Tiago Fernandes

Personal information
- Full name: Tiago Fernandes dos Santos e Sousa
- Date of birth: 20 November 1990 (age 34)
- Place of birth: Belo Horizonte, Brazil
- Height: 1.91 m (6 ft 3 in)
- Position(s): Midfielder

Youth career
- 2004–2005: Cruzeiro
- 2005–2006: PSV Eindhoven

Senior career*
- Years: Team / Apps / (Gls)
- 2006–2007: Cruzeiro
- 2007–2008: PSV Eindhoven
- 2008–2009: CFZ do Rio
- 2010–2011: CD Alcoyano B
- 2012–2013: FC 08 Villingen
- 2014: Miami Dade FC / 2 / (1)

= Tiago Fernandes (Brazilian footballer) =

Brazilian footballer (born 1990)

Tiago Fernandes dos Santos e Sousa (born 20 November 1990), also known as Tiago Fernandes, is a Brazilian footballer who plays as a midfielder.

==Youth==
Tiago Fernandes grow up in Belo Horizonte and was a promise star for the top rankings of Cruzeiro youth program before joining the Netherlands top team PSV Eindhoven in 2007.

==Career==
On 27 November 2006, days after completing his 16th birthday, Tiago Fernandes signed his first professional contract with Cruzeiro. After spending the 2006 and 2007 season with Cruzeiro, Tiago Fernandes made a move to Europe and stayed one year and six months with PSV Eindhoven in the Netherlands.
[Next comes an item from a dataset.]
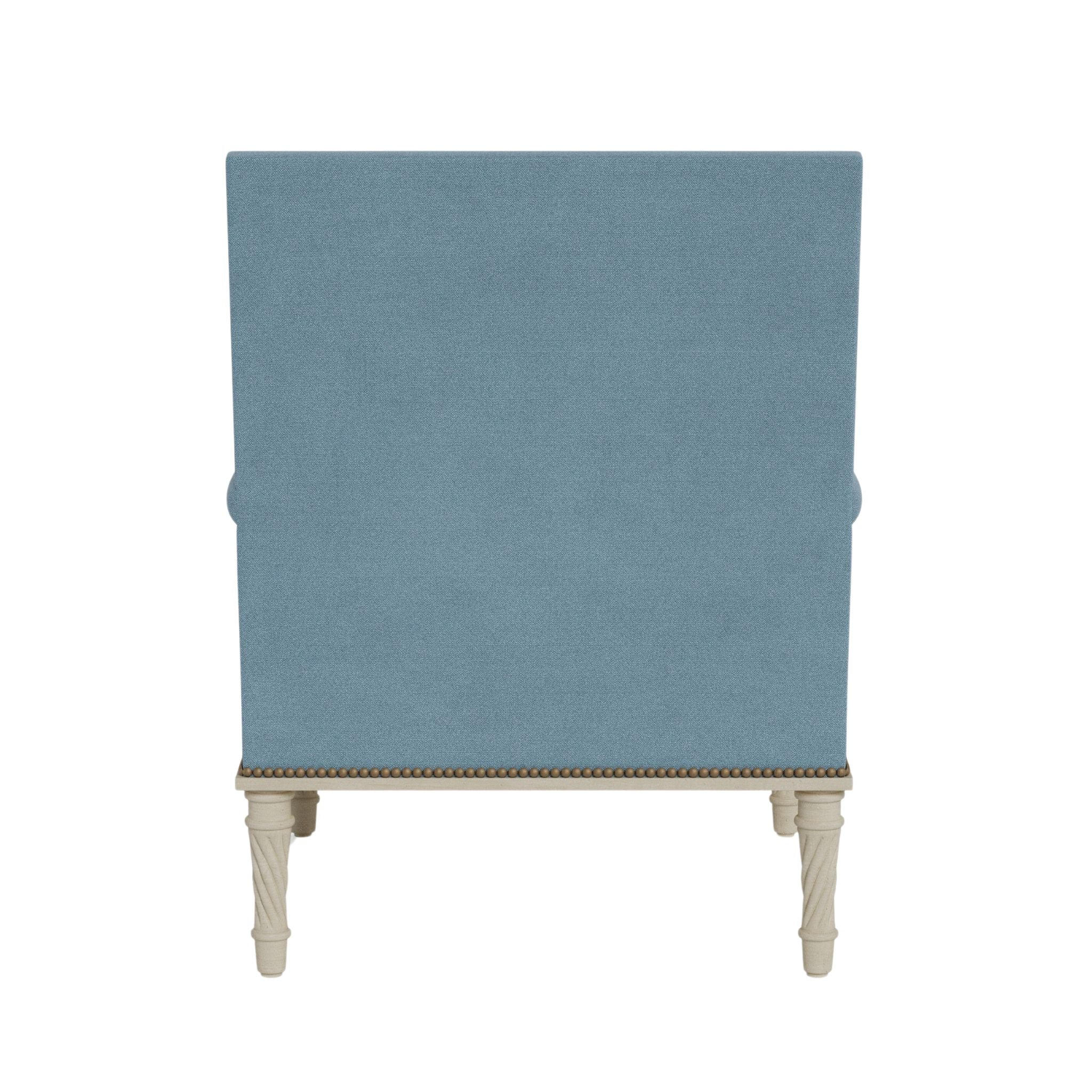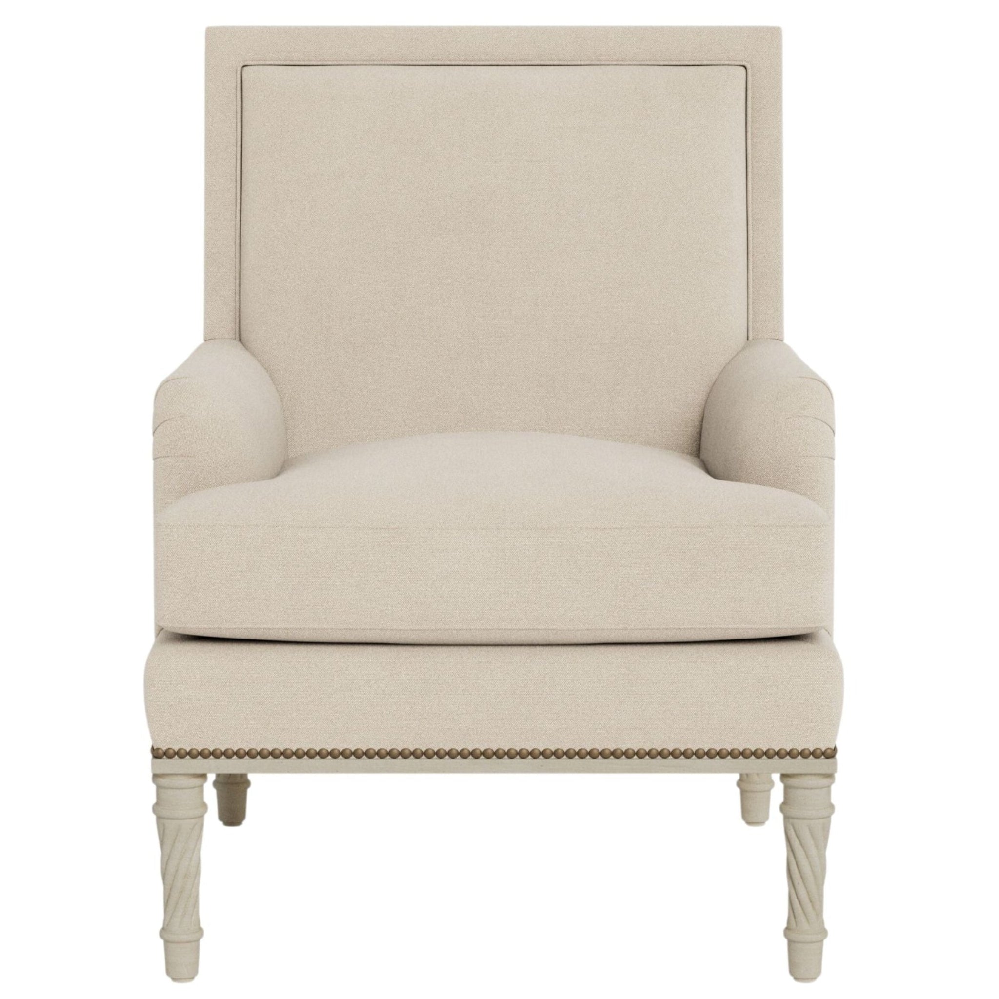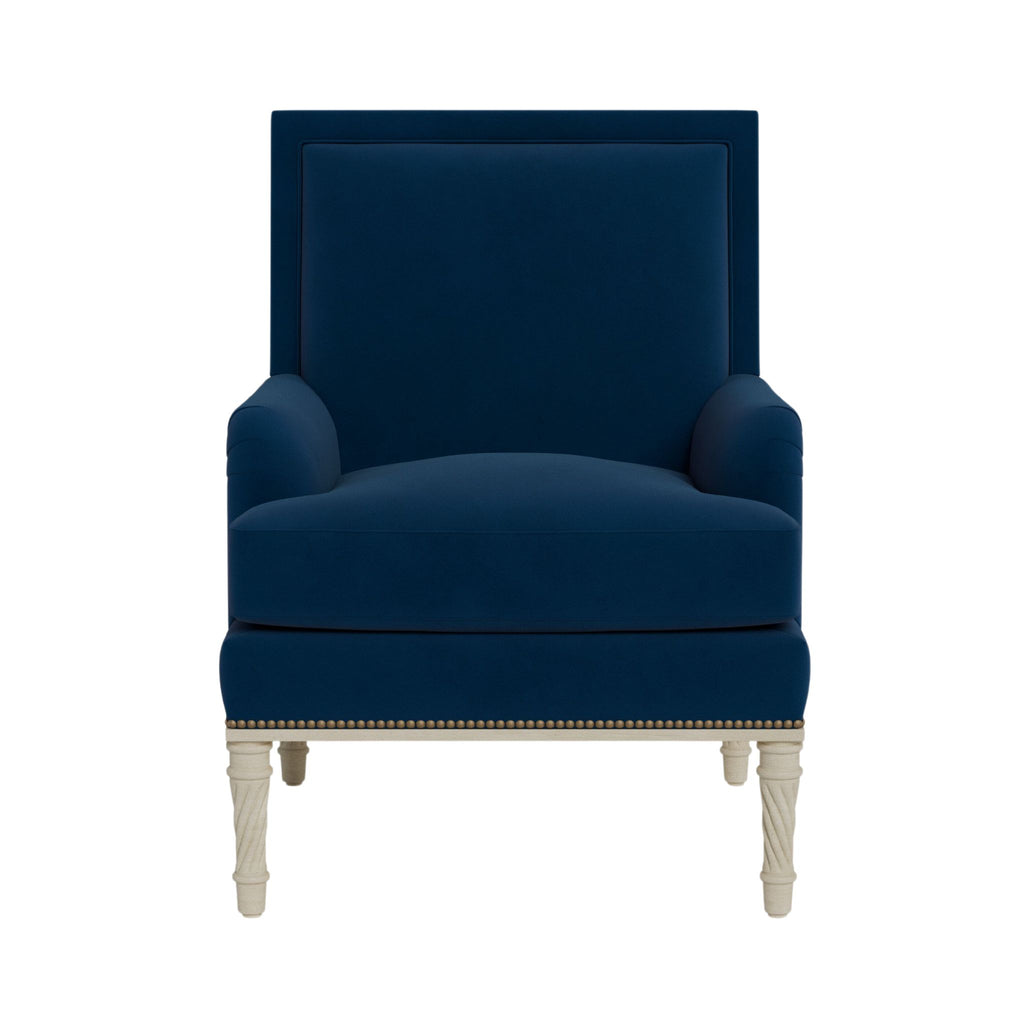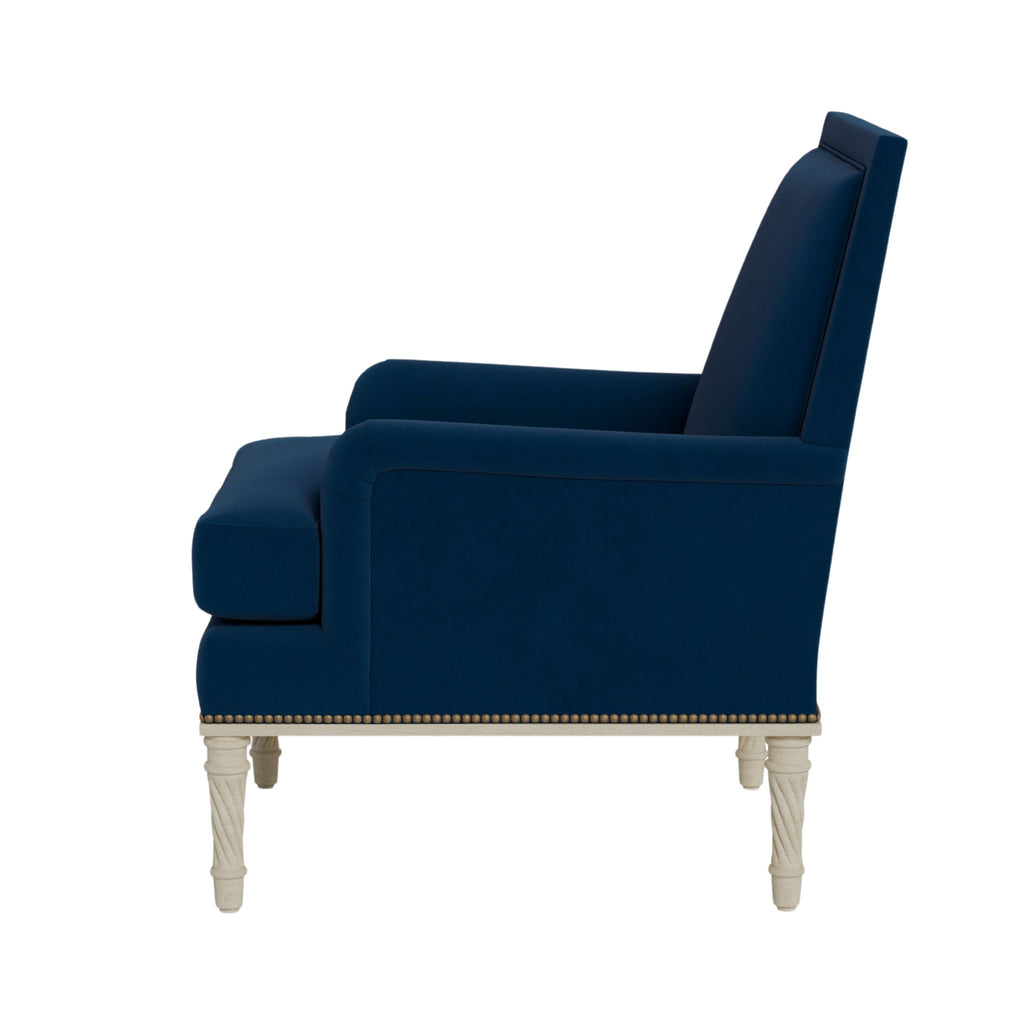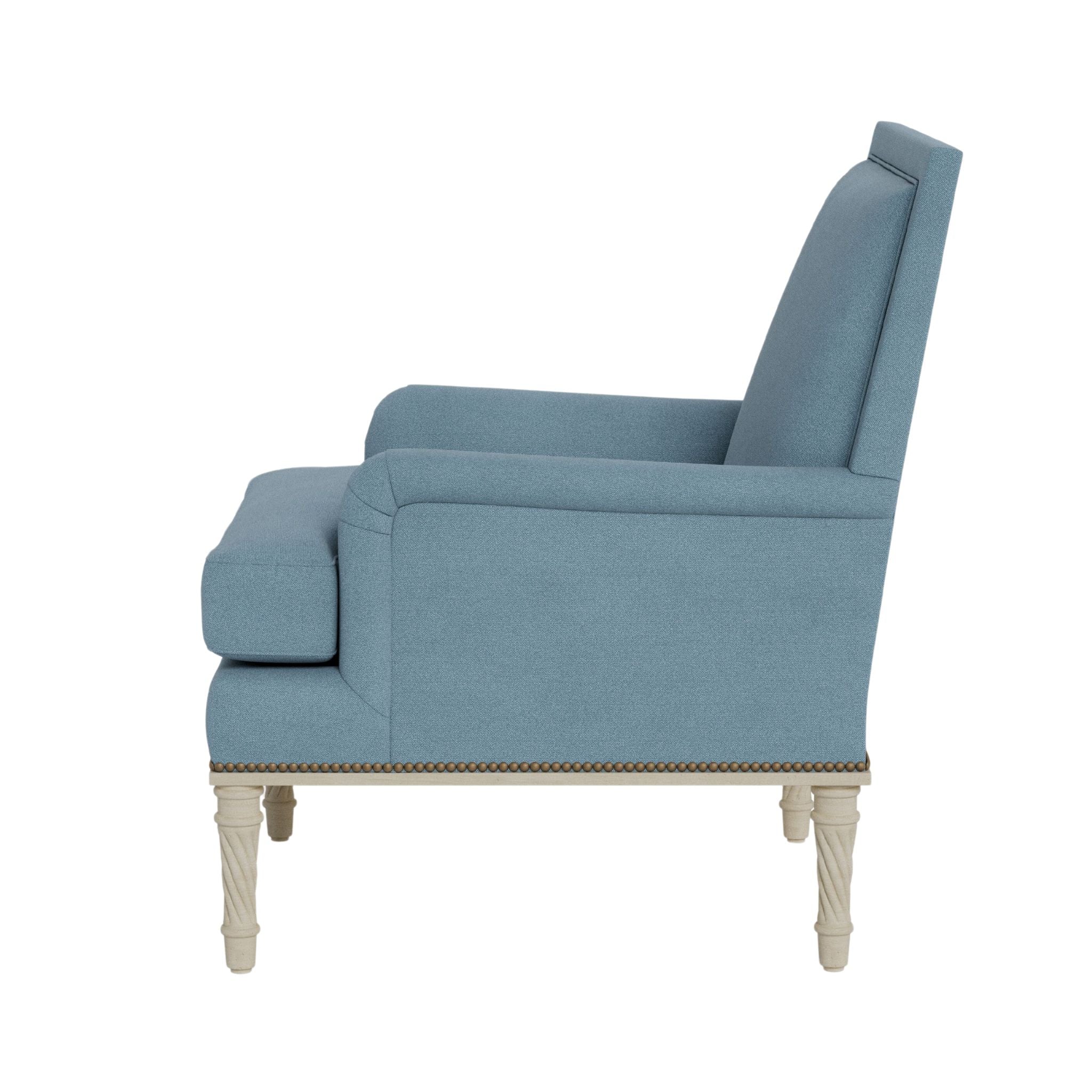 Inspired by the famous Jean-Henri Jansen, a designer known for his exceptional taste and for his work renovating and redecorating the White House, the Bunny Williams Azure chair and matching ottoman brings traditional ornate flourishes into current times. This modern chair boasts rolled arms, carved twisted legs, and stylish French nailhead trim. Perfect to tuck into a peaceful bedroom corner.

In February 2008, under the command of Caco Espinoza Tiago played one season with Centro de Futebol Zico Sociedade Esportiva in Brazil.

In 2010 Tiago made a move back to Europe and signed for CD Alcoyano in the Spanish second division before transferring to Oberliga club FC 08 Villingen in 2012.

In December 2013 Tiago Fernandes trialled with San Fernando CD of the Segunda División B.

On 20 May 2014, Tiago Fernandes made a move to United States and was signed by the Miami Dade FC.

==Personal life==
Tiago Fernandes was feature in the magazine Capricho in 2009.